§ **YOUR ASSIGNMENT**:
Please give back, exactly as written, the lines from the line with "1859 The Merchants" to the line with "Real Alternatives uses" in the listing below, leaving out all pictures.
::: PROVIDED ENTRIES :::
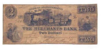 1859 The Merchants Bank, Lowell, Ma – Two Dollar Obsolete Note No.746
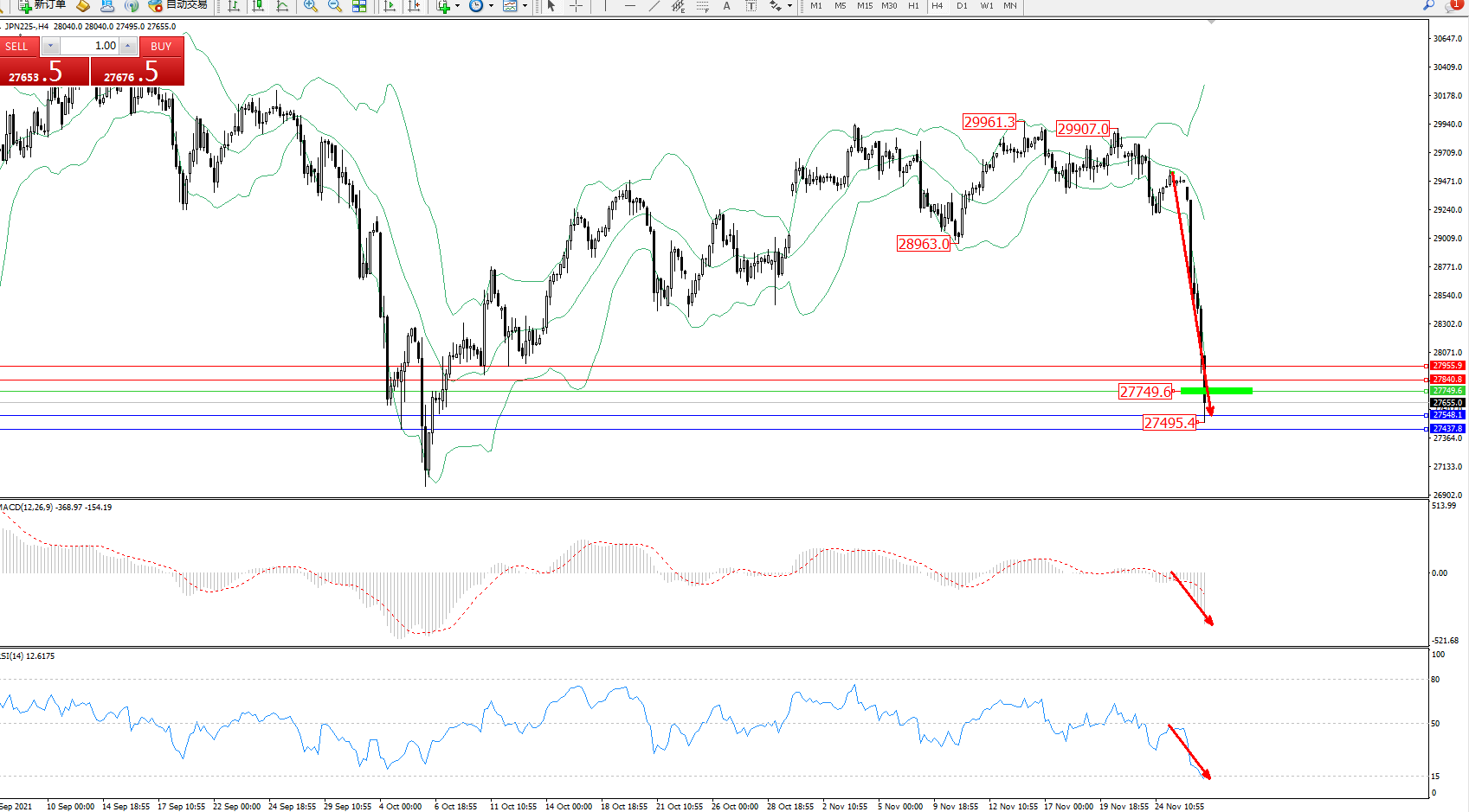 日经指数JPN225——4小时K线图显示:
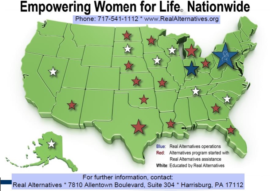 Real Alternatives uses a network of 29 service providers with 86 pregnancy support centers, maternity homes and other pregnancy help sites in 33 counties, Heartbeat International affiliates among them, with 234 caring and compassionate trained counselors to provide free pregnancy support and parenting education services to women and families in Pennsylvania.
:::
::: PROVIDED ENTRIES :::
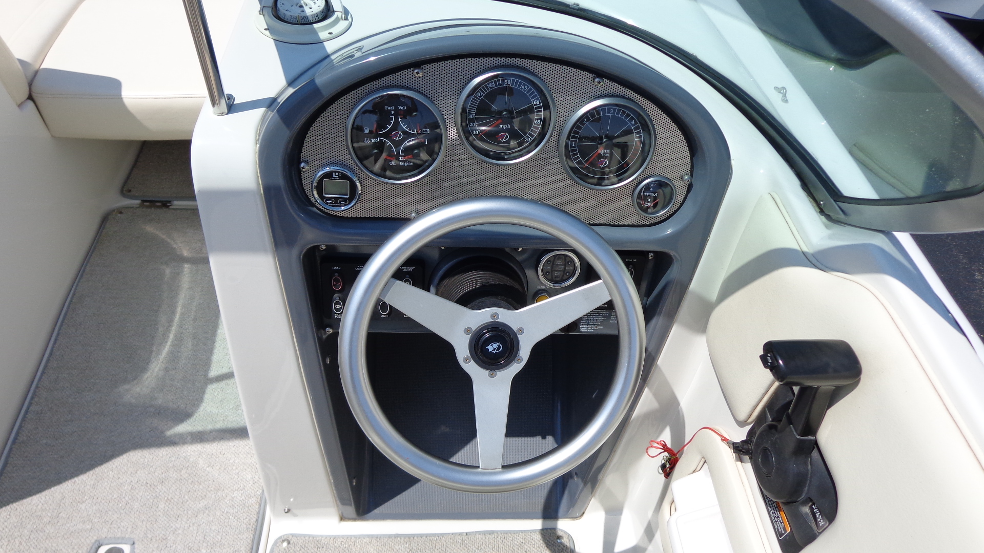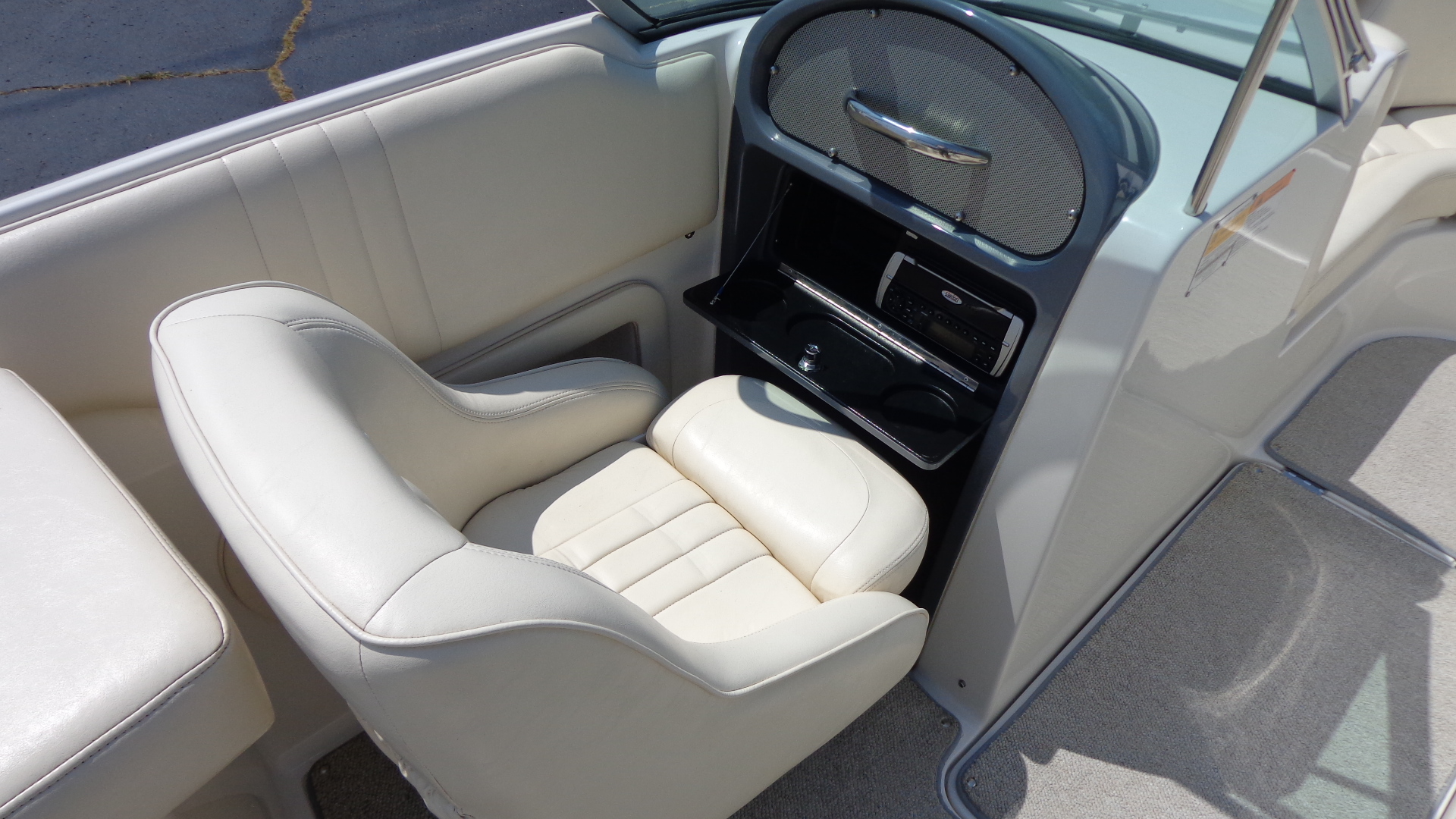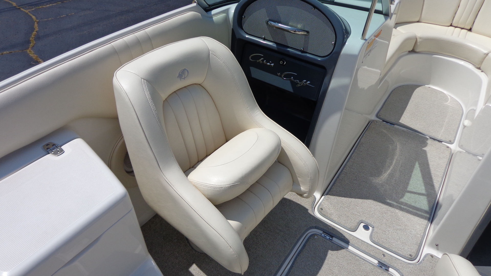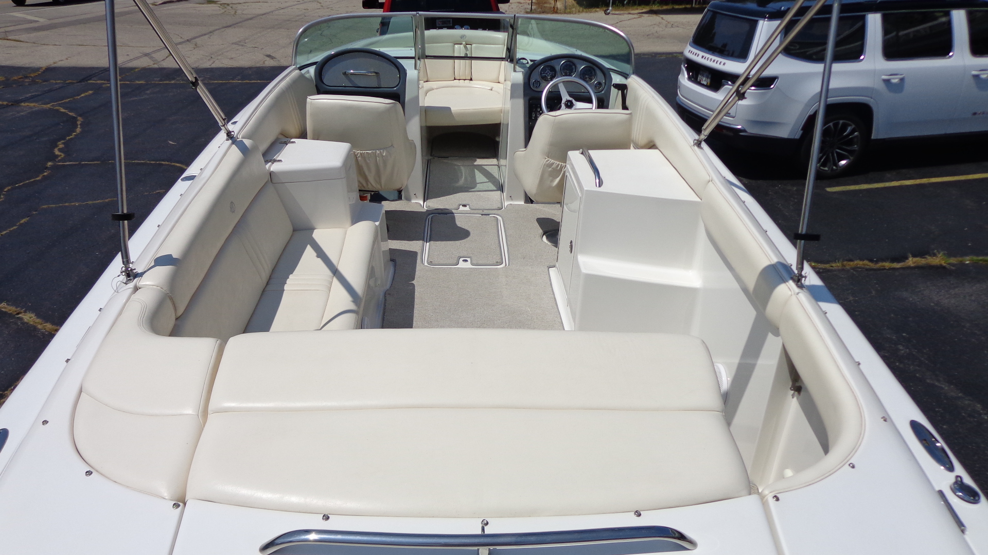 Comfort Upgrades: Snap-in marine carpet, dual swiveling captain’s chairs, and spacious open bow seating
:::
§ **RESPONSE TO THIS TASK**:
 1859 The Merchants Bank, Lowell, Ma – Two Dollar Obsolete Note No.746
 日经指数JPN225——4小时K线图显示:
 Real Alternatives uses a network of 29 service providers with 86 pregnancy support centers, maternity homes and other pregnancy help sites in 33 counties, Heartbeat International affiliates among them, with 234 caring and compassionate trained counselors to provide free pregnancy support and parenting education services to women and families in Pennsylvania.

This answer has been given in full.